# Watt Meter, Whoah!!!



## Big John (May 23, 2010)

I love neat old stuff like that. It's weird that it says direct current. Any idea if it was still working or what it was connected to?


----------



## Dash Dingo (Mar 3, 2012)

Big John said:


> I love neat old stuff like that. It's weird that it says direct current. Any idea if it was still working or what it was connected to?

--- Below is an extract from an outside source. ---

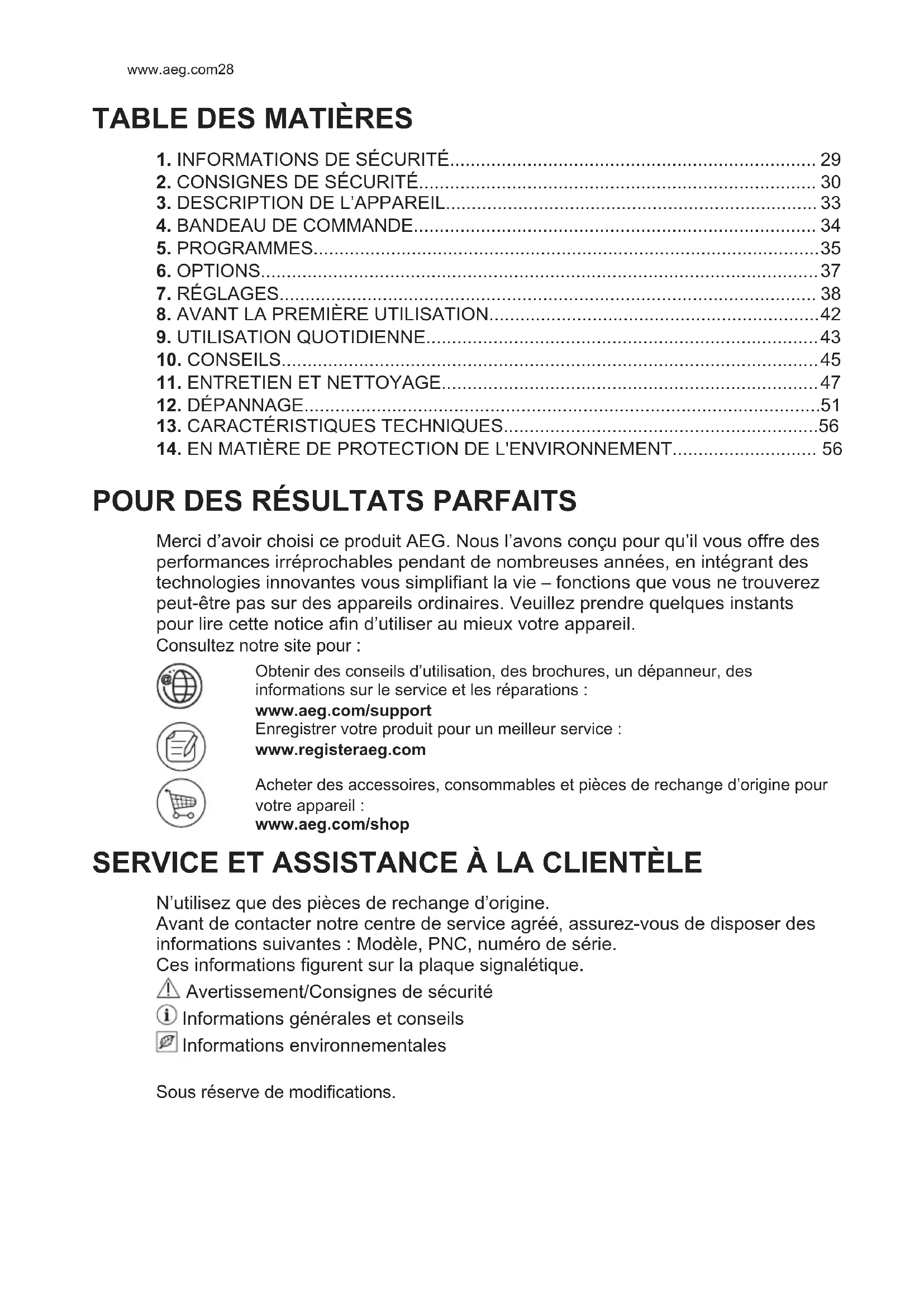 Merci d’avoir choisi ce produit AEG. Nous l’avons conçu pour qu’il vous offre des performances irréprochables pendant de nombreuses années, en intégrant des technologies innovantes vous simplifiant la vie – fonctions que vous ne trouverez peut-être pas sur des appareils ordinaires. Veuillez prendre quelques instants pour lire cette notice afin d’utiliser au mieux votre appareil. Consultez notre site pour : Obtenir des conseils d’utilisation, des brochures, un dépanneur, des informations sur le service et les réparations : www.aeg.com/support Enregistrer votre produit pour un meilleur service : www.registeraeg.com Acheter des accessoires, consommables et pièces de rechange d’origine pour votre appareil : www.aeg.com/shop

No clue, I dint have time to open anything up. My guess would be its not in use. If its not, it's pretty cool that it was left there all these years. It's probably from the very early 1900's, if not late 1800's.


----------



## micbev (May 15, 2013)

Awesome! Love stuff like that. I am quiet sure it isn't working. Should have tried to buy it off of them. Awsome piece cant be to many of those in circulation.


----------



## ugly1 (Dec 14, 2009)

Meters like this one were in use in New York City 'till 2001 when Con Edison discontinued the distribution of direct current.


----------



## circuitman1 (Mar 14, 2013)

i collect meters like this, but have seen few DC units. most are AC.i belive i would go back & buy this one!


----------



## ampman (Apr 2, 2009)

I would love to add that to my collection


----------



## GoldStarElectrical (Oct 1, 2013)

Very cool vintage watt meter. Thanks for sharing!


----------



## oldtimer (Jun 10, 2010)

GoldStarElectrical said:


> Very cool vintage water meter. Thanks for sharing!


WATER METER ?????



I hope you mean Watt meter !


----------



## GoldStarElectrical (Oct 1, 2013)

oldtimer said:


> WATER METER ?????
> 
> 
> 
> I hope you mean Watt meter !


Ha, of course. Just a typo.


----------



## retiredsparktech (Mar 8, 2011)

ugly1 said:


> Meters like this one were in use in New York City 'till 2001 when Con Edison discontinued the distribution of direct current.


 IIRC, it was the late 60's, when WEPCO discontinued DC distribution in downtown Milwaukee.
I understand, they furnished rectifiers for the existing DC loads, such as elevators. 
Everything else, the customer had to change.


----------